If there's one piece of clothing that unites us all, it has to be jeans. Everyone, from wealthy fashionistas to construction workers, wears blue jeans. They can be dressed up, dressed down, or bedazzled to their owner's content.
It's no secret that fashion changes pretty drastically over time. Just look at these photos of high schoolers from 1969 - not much in common with today's teenagers, huh? But, despite all of the changes that fashion has experienced through the years, jeans have remained constant since the late 1800s. So, why haven't they faded away like other fashion trends?
The staying power of jeans has a lot to do with their strength and durability. While certain styles of jeans have come and gone, the pants themselves have always proved to be a reliable garment for any occasion. One of the biggest secrets to their durability lies in the little copper buttons on the corner of each pocket. Much like the extra tiny pockets on our jeans, we've always been curious as to the purpose of these metal buttons. Check out the images below to learn more about the surprising purpose they serve.
If you own a pair of jeans, chances are these rivets look familiar.
Whether your jeans are loose and baggy or tight and skinny, they have rivets just like every other pair.
But have you ever wondered what they're doing there?
To uncover the truth behind these mysterious rivets, we'll need to go all the way back to when riveted jeans were invented.
Back in the late 1800s, working men in San Francisco were in desperate need of durable pants.
That's when a tailor by the name of Jacob Davis changed clothing forever. In 1870, a woman entered his shop and asked if he could make a pair of pants for her husband. Since her husband was a woodcutter, the pants would need to be reinforced at certain key points with copper rivets to prevent rips and tears. The pants worked great, and, by 1871, Davis could hardly make the pants as fast as he was selling them.
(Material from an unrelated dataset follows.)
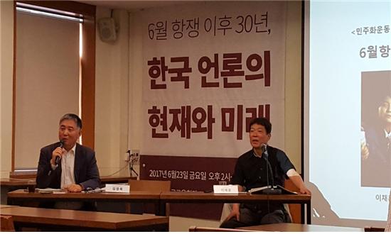<미디어오늘>과 민주화운동기념사업회가 23일 오후 서울 프란치스코교육회관에서 ‘6월 항쟁 이후 30년, 한국 언론의 현재와 미래’라는 주제로 기획토론회를 열었다. 한국 언론의 지난 30년을 돌아보고 언론자유투쟁의 현실진단과 과제, 전망 등을 이야기했다. 발제자로는 이채훈 PD연합회 정책국장, 이정환 미디어오늘 대표, 이봉수 세명대 저널리즘스쿨대학원장, 김성해 대구대 교수가 참여했다.

At the time, Davis was purchasing all of his fabric from Levi Strauss & Co., a dry goods supplier in the area. Since he wasn't wealthy enough to patent the pants himself, Davis asked if they would provide the money he needed to file for a patent. Levi Strauss & Co. believed in his idea, and they successfully filed the patent in May of 1873.
From that point on, riveted jeans were here to stay. Jeans that don't rip are something we take for granted today, but in the late 1800s, they were revolutionary!
The places on jeans that receive more stress, like pocket corners and flys, are more prone to tearing. But it only takes one carefully positioned copper rivet to make things secure.
Take a close look at the rivets on your jeans and see what they have printed on them.
Since they were patented in 1873, rivets have become a vital part of the world's clothing industry.
Plus, even if you aren't doing hard labor like the men of 1800s San Francisco, you're probably grateful for the extra "rip insurance."